John's body is left outside with the trash. He awakens and discovers that most of his injuries are fake; Warwick is a master of movie makeup. Detective Morton, who has been investigating the robbery, arrives at Warwick's door; it is revealed that Warwick is a police lieutenant supervising the case. Meanwhile, John becomes suspicious of Simone, the bank teller he conspired with, and discovers that she made alternate travel arrangements out of Los Angeles that don't include him. John confronts Simone in a parking garage over her betrayal and faking illness which motivated him to rob the bank to pay for her medical treatment. He takes her car and the money, leaving her to be captured by the detectives. However, Warwick stops John from leaving and takes the money at gunpoint, leaving him with a couple thousand dollars to flee to Mexico.

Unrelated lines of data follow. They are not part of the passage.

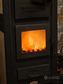 Ottima stufa a legna attualmente in funzione perfettamente funzionante molto bella Scalda fino a 100m di casa Ritiro in loco dopo averla vista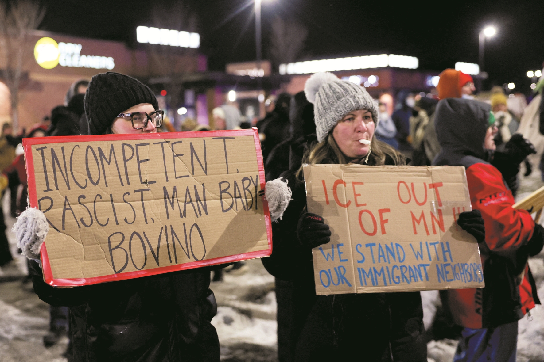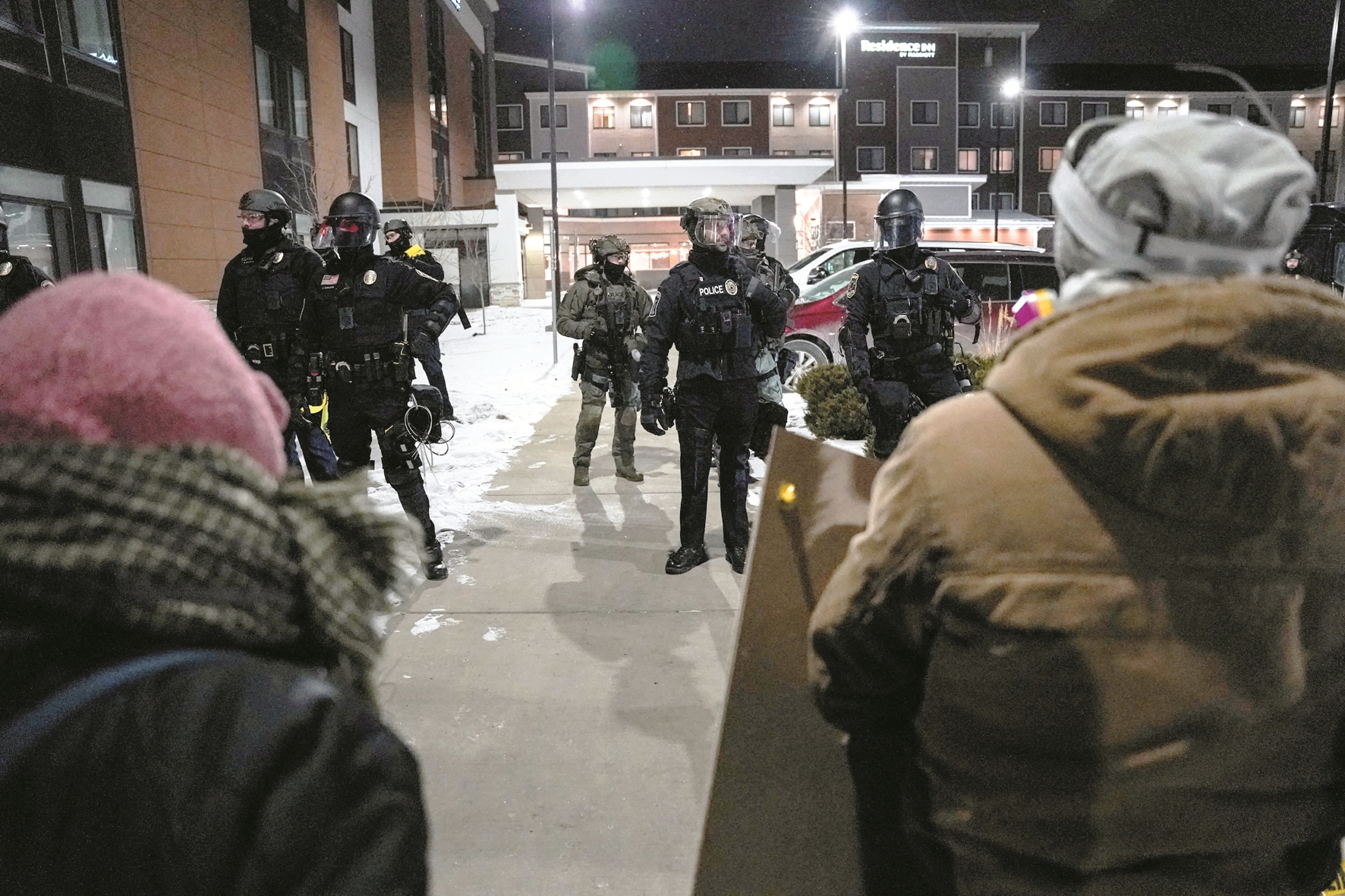 ▼图为当日,在美国明尼苏达州,抗议人群在据信为格雷戈里·博维诺所居住的酒店外与执法人员对峙。 (新华社发)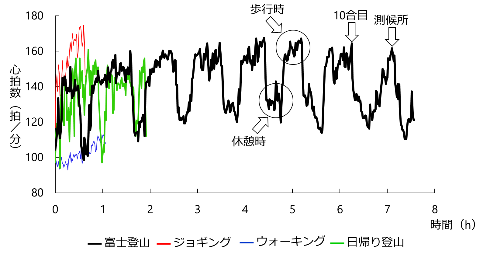 上のグラフは,①富士登山(黒線),②低地でのジョギング(赤線,時速9~10kmで40分程度),③低地でのウォーキング(青線,時速5~6kmで1時間程度),④日帰り登山(緑線,上りのみの心拍数を記載)をした際の心拍数の比較をしたものです.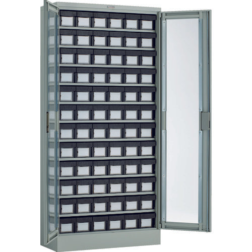 TRUSCO コンテナラックケース バンラックケース L型 両開き扉 導電引出小X72個 H1790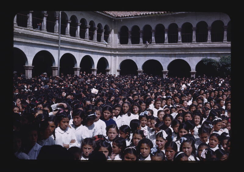 - EN churches (buildings), cloisters, arches, roofing tile, indigenous people, schoolchildren (age group)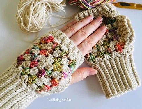 -Fingerless Granny Square Mitts by Lullaby Melodia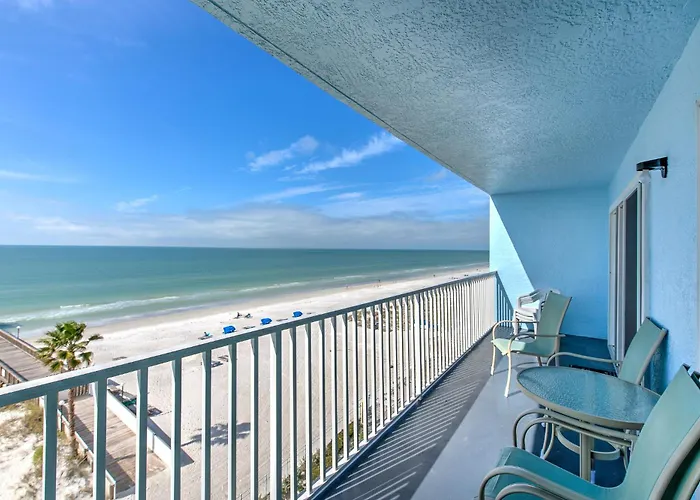 Cette résidence Sand Dollar 503 Clearwater Beach de 137 m² surplombe la mer et se trouve à seulement 5 minutes à pied de l'accès à la plage de Redington Shores. Le parc du millénaire de Boca Ciega est près de l'appartement, tandis que l'arrêt de bus Gulf Boulevard & 186th Avenue est à 150 mètres.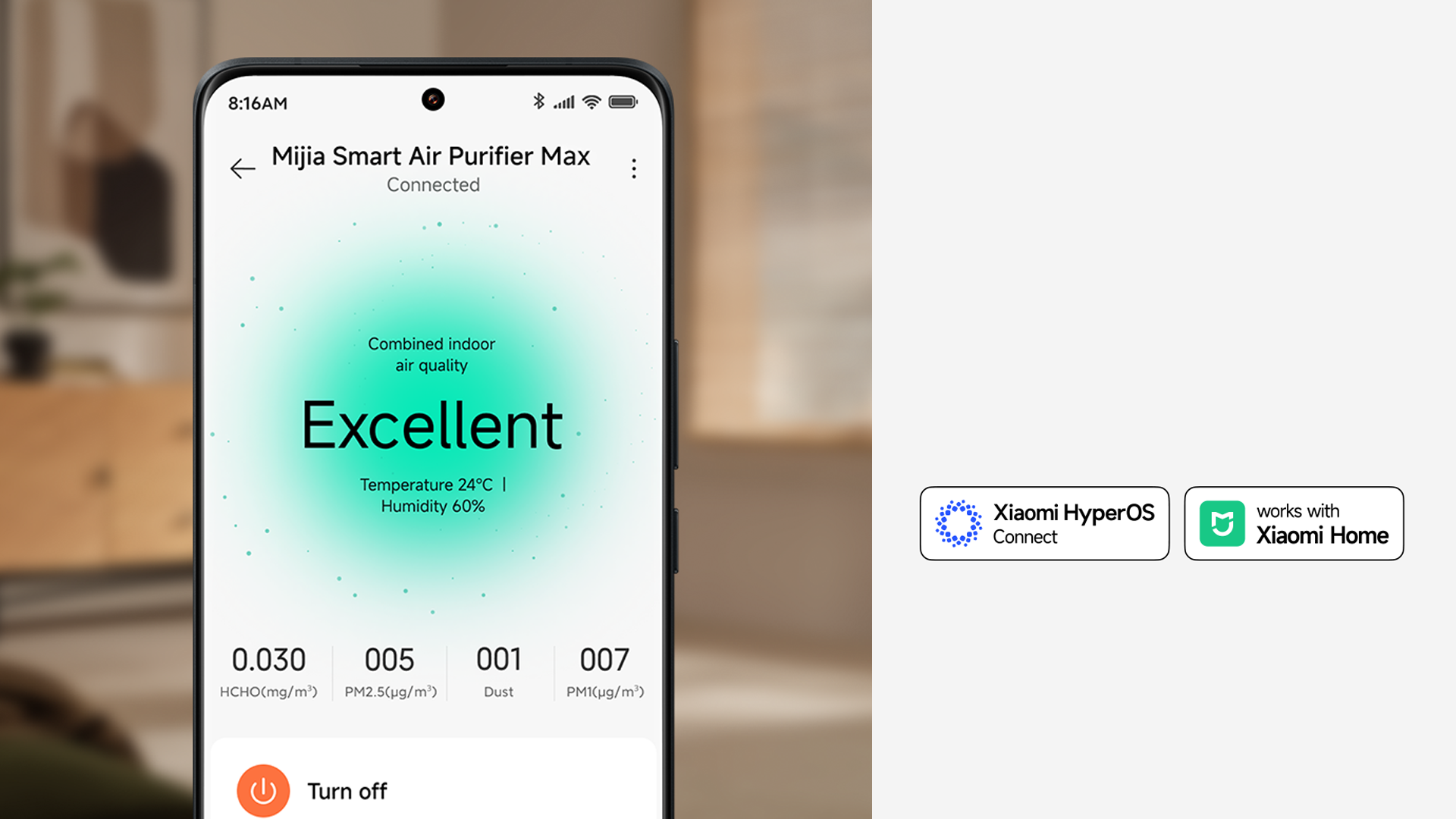 Mijia Smart Air Purifier Max je vybavená aj intuitívnym farebným LCD displejom, ktorý vám v reálnom čase zobrazí aktuálnych stav ovzdušia a umožní jednoduchšie ovládanie zariadenia. Má v sebe aj inteligentný senzor, ktorý presne reaguje na zmeny hladiny formaldehydu v ovzduší, aby ste doma dýchali vždy len bezpečný vzduch.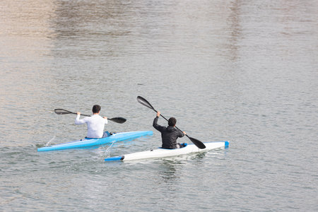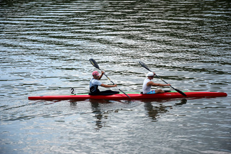 Two athletes are sailing canoe on river, controlling oars. Active outdoor sports training. back view. copyspace. Chisinau, Moldova - July 2021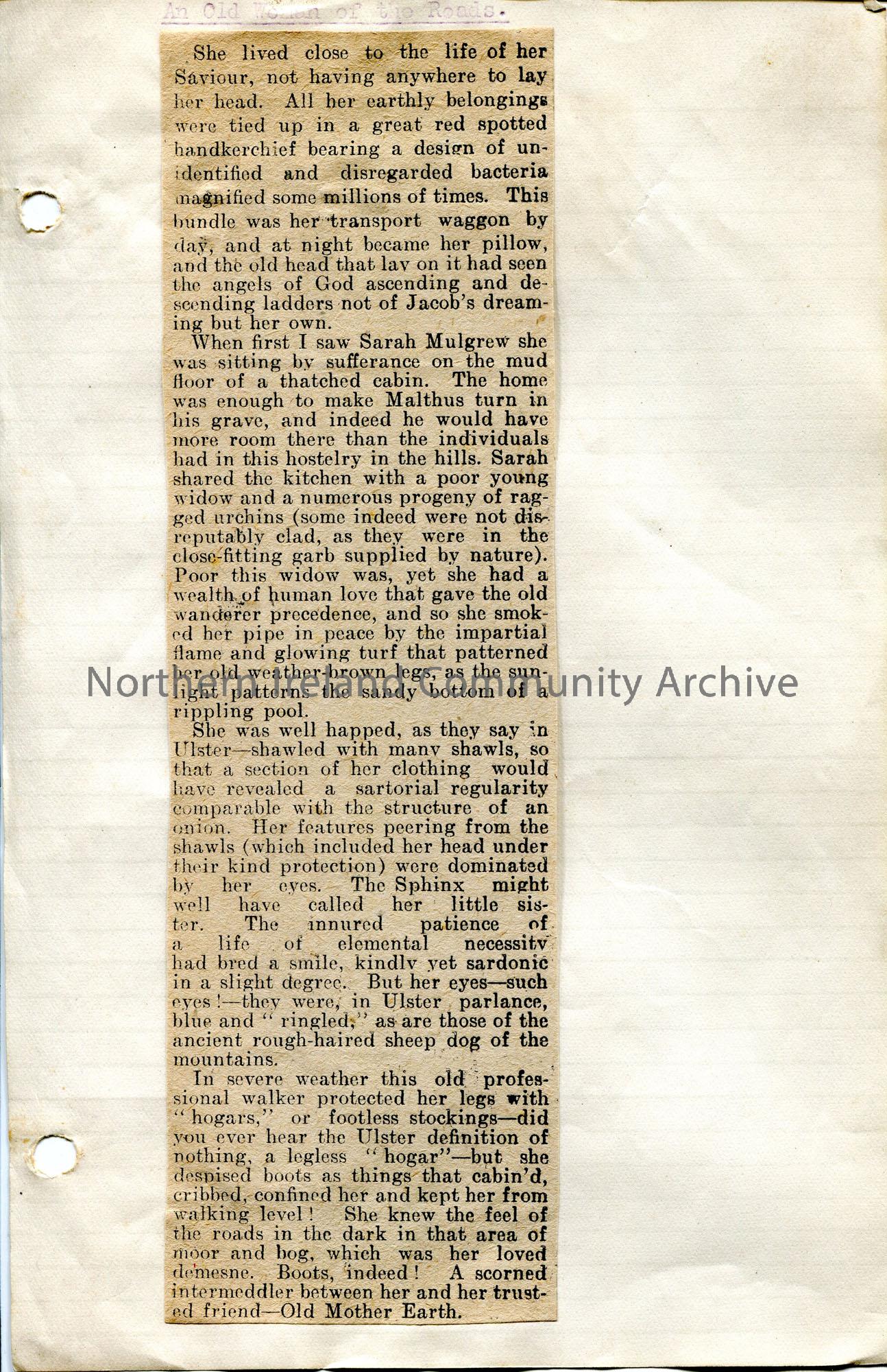 Page 1 of 4. Article cut from a newspaper titled, 'An Old Woman of the Roads' by Sam Henry. Re Sam's visit to widow Sarah Mulgrew. Described as an 'old professional walker' and 'Oul' Sarah by country people. Sam encouraged her to sing. Describes how she received her first pension.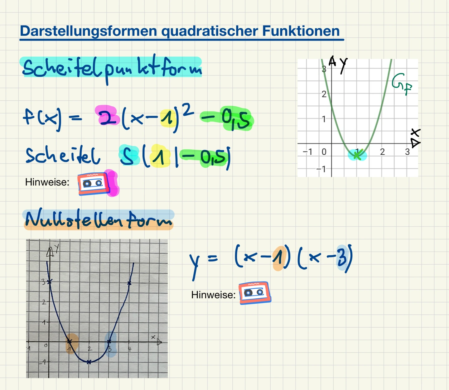 Digitale Arbeitsergebnisse (z. B. mit einem Funktionsplotter erstellte Graphen) lassen sich über Screenshots im digitalen Heft einfügen und weiter bearbeiten. Markierungen und ergänzende Audioaufnahmen unterstützen die Veranschaulichung und das Verständnis. Auch analoge Arbeitsergebnisse können über Fotos schnell eingefügt und ergänzend bearbeitet werden.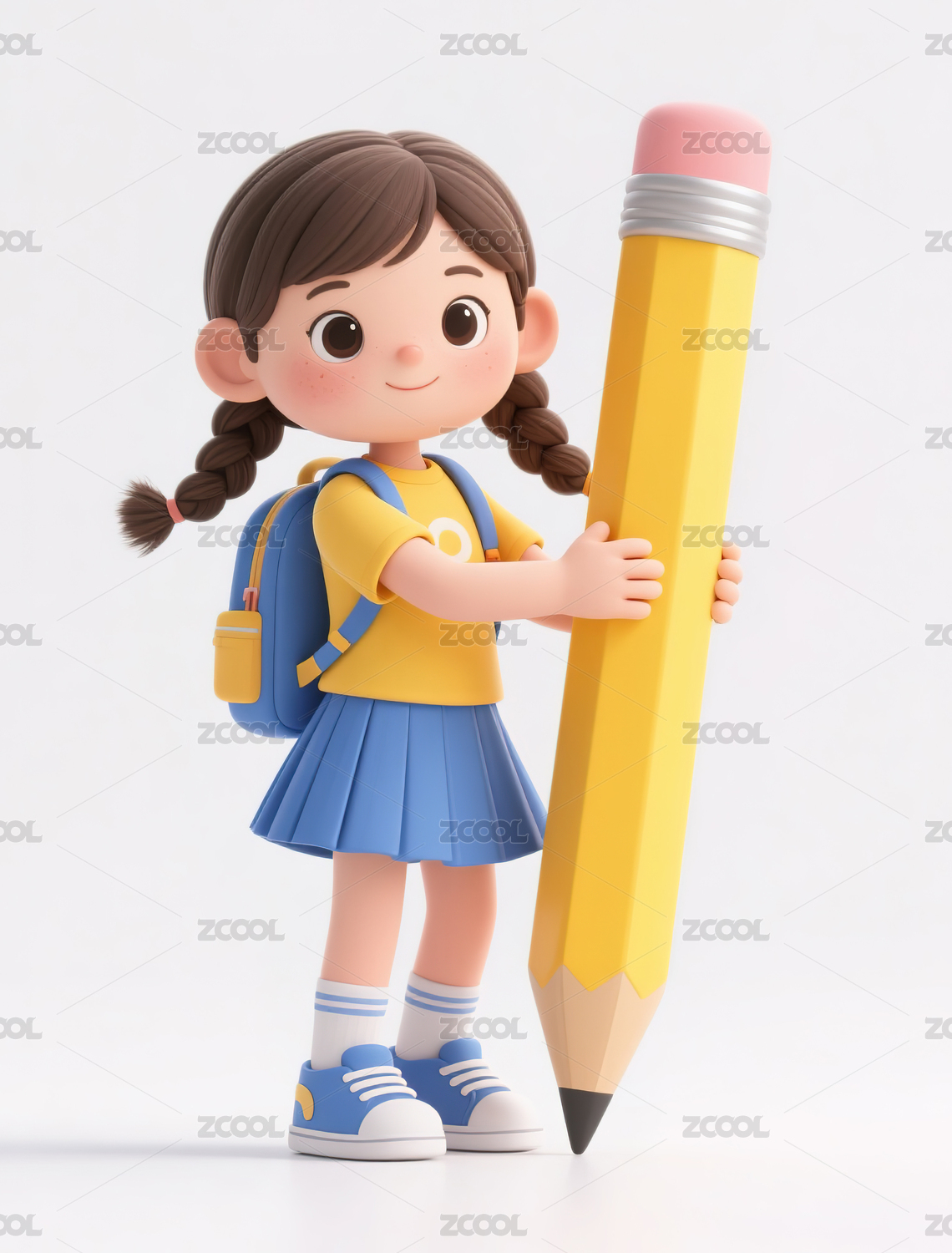 3D,建模,女生,女孩,可爱,课本,教育,学习,渲染,小学生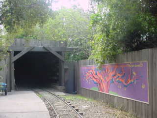 The Santa Barbara Zoo Railroad 12/7/2008This two foot gauge railroad started operations in 1968, five years after the Zoo opened. Volunteers laid the first miniature railroad track, which circled the hilltop area. The track was expanded in 1983 to its current footprint around the perimeter of the property, a result of weekend work parties during which community members cleared land, laid ties and rails and gauged the track. In order to purchase the locomotive and coaches, the Zoo secured its first and only bank loan. The train became an instant hit with Zoo goers and that loan was paid off within six months.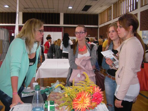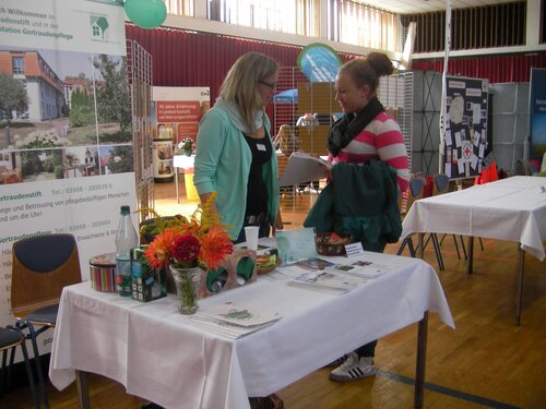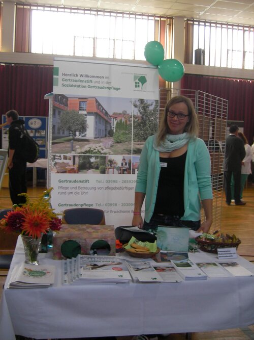 In diesem Jahr fand bereits die 15. Ausbildungsmesse „ Job fit“ in der Hansestadt Demmin statt. Vom Pommerschen Diakonieverein nahmen Mitarbeiter des Pflegeheim Gertraudenstiftes und der SST Gertraudenpflege an der Veranstaltung teil und warben für den Beruf des Altenpflegers, dem Dualen Bachelor Studiengang, dem FSJ und Bundesfreiwilligendienst. Rede und Antwort standen den Interessierten neben der PDL und RGL, Frau Tobe und Frau Baumann. Frau Tobe, die ihre 3- jährige Ausbildung zur Altenpflegerin im September 2013 im Gertraudenstift beendet hat, arbeitet seit September 2013 als Pflegefachkraft in der SST Gertraudenpflege. Frau Baumann befindet sich seit 2011 im Dualen Studiengang. Unser Stand wurde an diesem Tag gut besucht, so dass wir hoffen, auch im nächsten Jahr wieder geeignete Bewerber für eine Ausbildung oder ein soziales Jahr in unserem Verein zu finden.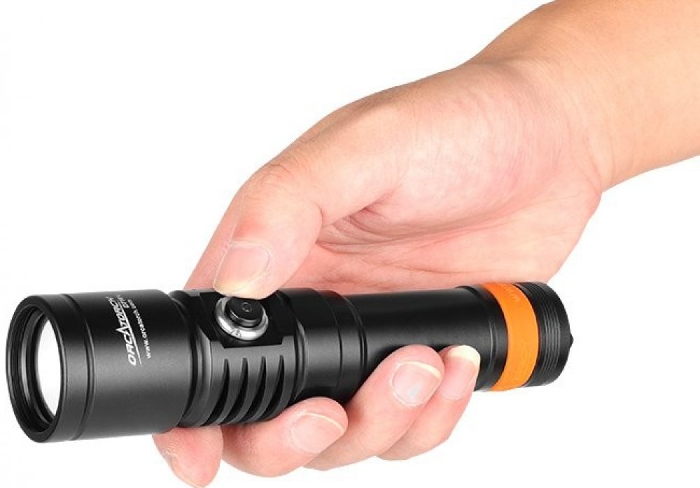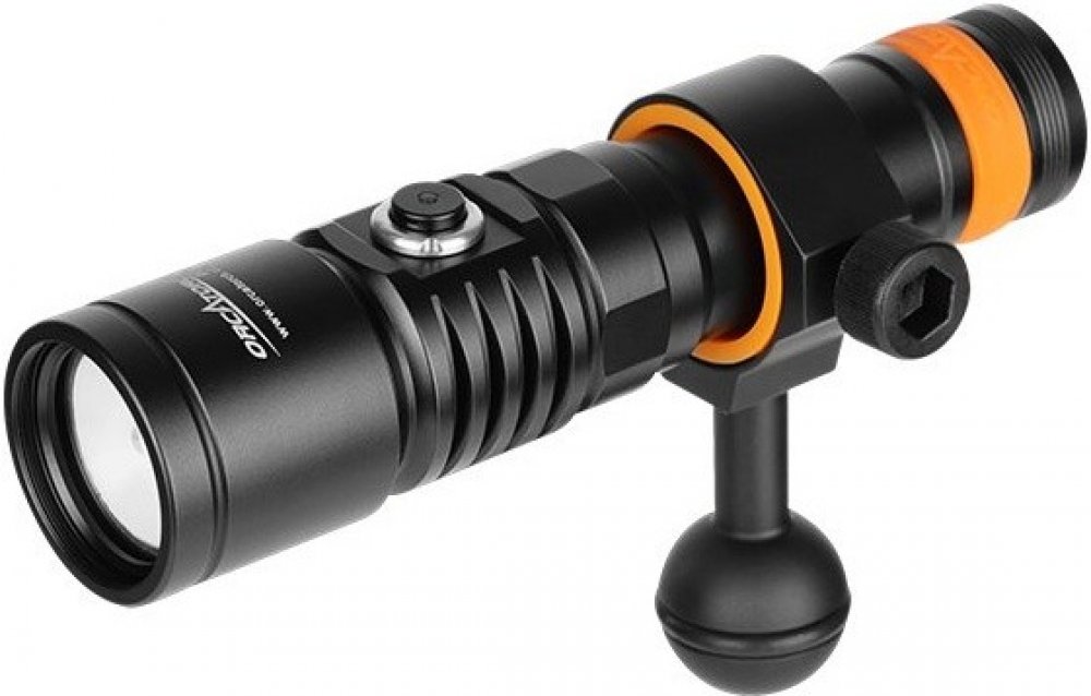 Červené světlo je ideální pro fotografování plachých zvířat pod vodou. UV světlo je určeno pro fluorescenční noční potápění bez potřeby použití filtrů. V režimu bílého paprsku máte k dispozici dva jasové módy. Indikátor stavu baterie je integrován do bočního spínače a vždy vám poskytne informaci o zbývající energii baterie.

A couple of months later, Detective Morton receives mail from Mexico (implied to be from John) containing a Polaroid of Warwick and John together at a dinner party. Morton confronts Warwick, who dismisses it as a fake, but when Morton persists, Warwick invites Morton to a dinner party.

==Cast==
- David Hyde Pierce as Warwick Wilson
- Clayne Crawford as John Taylor
- Helen Reddy as Cathy Knight, Warrick's neighbor
- Megahn Perry as Simone Demarchi, John's girlfriend
- Joseph Will as Detective Valdez
- Nathaniel Parker as Detective Morton
- Brooke Anderson as Thief

==Production==
Principal photography took place in Los Angeles over 17 days in autumn of 2008.

==Release==
The film premiered in January 2010 at the Sundance Film Festival. The Perfect Host played at several other film festivals, including Fantasia International Film Festival and Sitges Film Festival. It won the audience award at the 2011 Amsterdam Fantastic Film Festival, a Saturn Award, and was named the Best Feature at the 2011 Abertoir festival (Wales's national horror film festival).

The film had a limited theatrical release in the United States on July 1, 2011.

==Reception==

Metacritic, which uses a weighted average, assigned the film a score of 48 out of 100, based on 16 critics, indicating "mixed or average" reviews.

The film tied with Atlas Shrugged: Part 1 for the 2011 Saturn Award for Best DVD or Blu-ray Release.